The trade-off is that Slack isn't great for structured data. The state files handle that. Slack is the interface; files are the source of truth.
The credentials
The bot uses two tokens:
- Bot token (xoxb-) for reading and posting messages
- App token (xapp-) for Socket Mode (WebSocket connection)
Both are stored in config.env and never committed to the repo. The webhook URL posts to #marketing-propautopilot (channel ID: C0AJY5PPJKX).
Current phase
We're in Phase 1: Build Audience. The system has queued 7 LinkedIn posts, 5 Instagram posts, and 4 blog drafts. Phase 2 (Lead Generation) triggers when the PropTrack data integration is live and Stripe is in production mode.
The transition isn't manual — Claude checks the prerequisites at the start of each session and will shift strategy automatically when the conditions are met.
What's working
The system has been running for about 3 weeks. The numbers are small (early days), but the process works:
- 4 sessions/day running reliably
- Average response time for @mentions: under 30 seconds (Socket Mode)
- Hasan completes 2-3 tasks/day
- Content queue stays above 5 posts (never runs dry)
- Zero missed sessions (cron is reliable)
What's not working
The content quality is uneven.
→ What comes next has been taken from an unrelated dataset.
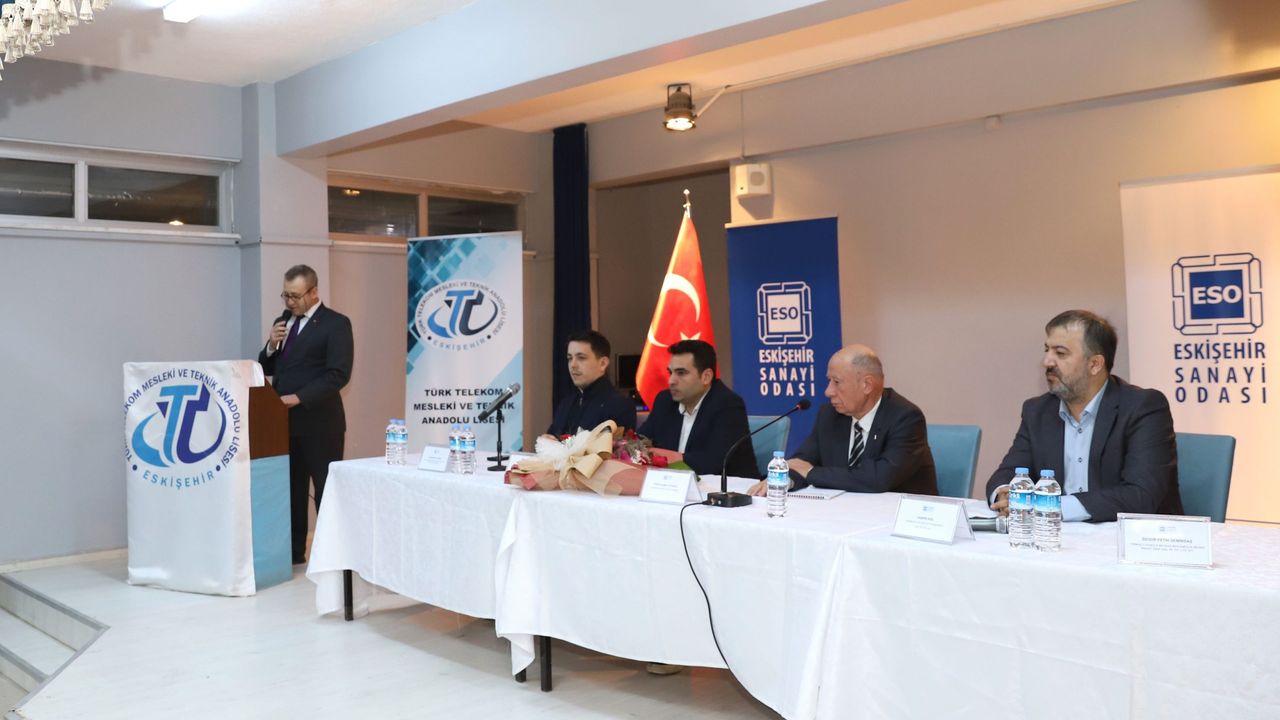 ESO Danışmanı Bekir Şahin Tütüncü, TOBB Eskişehir Genç Girişimciler Kurulu Başkanı Yusuf Melih Turan, TOBB Eskişehir Genç Girişimciler Kurulu İcra Kurulu Üyesi ve Turmet Madencilik Genel Müdürü Umut Rallas, Bewell Teknoloji Sanayi Genel Müdürü Taşkın Kızıl’ın katıldığı ‘Genç Girişimciler Yetişiyor; Sanayi-Meslek Lisesi İş Birliği” buluşması okulun konferans salonunda gerçekleştirildi.
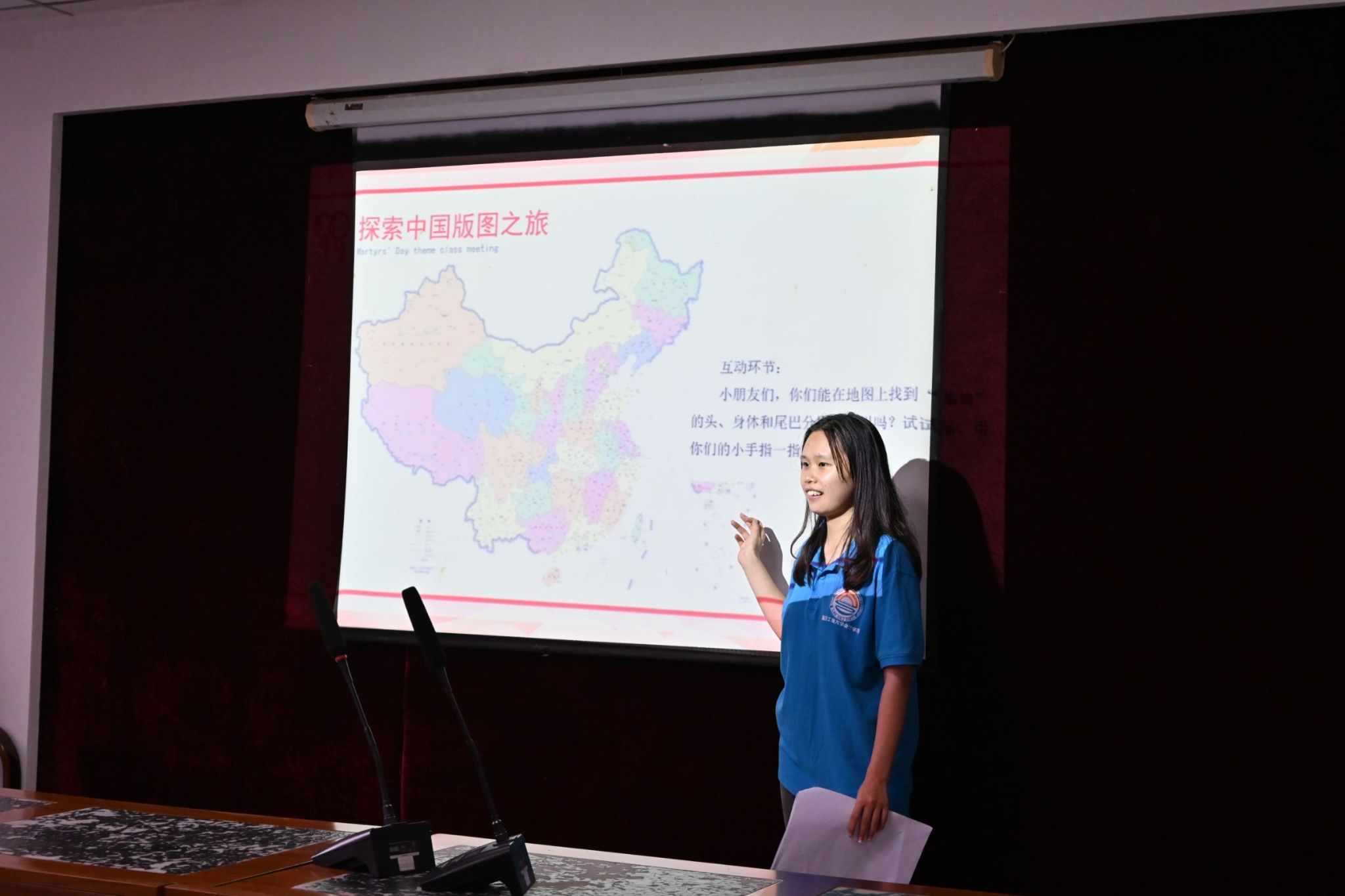 在时光的长河中,五千年不过转瞬即逝,而今少年又谱写了多少诗篇,德育课堂以“历史润童心,播撒千年韵”为主题开展,引领孩子们穿越时空的长河,追根溯源,探索源远流长的中华文明。从中国古代辉煌灿烂的文明史到近现代的沧桑巨变,从中国版图变迁中,窥见现代版图的基础,到各民族团结共进的历程,每一个历史故事都深深的触动孩子们的心,通过PPT+视频和志愿者的讲述,让孩子们深植家国情怀,种下爱国主义的种子。

Claude's LinkedIn posts are competent but sometimes generic. I'm iterating on the prompts — adding more specific examples of posts that performed well and a banned-cliches list to avoid corporate speak.
Also, the urgent watcher checking every 5 minutes creates slight lag for truly urgent requests. The Socket Mode listener handles @mentions instantly, but if Hasan types "URGENT" without tagging the bot, there's up to a 5-minute delay. Considering consolidating everything through the listener.
The whole system is about 400 lines of bash and 200 lines of Python. No framework, no SaaS dependency, no vendor lock-in. If Slack doubles its prices tomorrow, I could move the same architecture to Discord in a day. The AI does the thinking, the human does the posting, and Slack is just the pipe between them.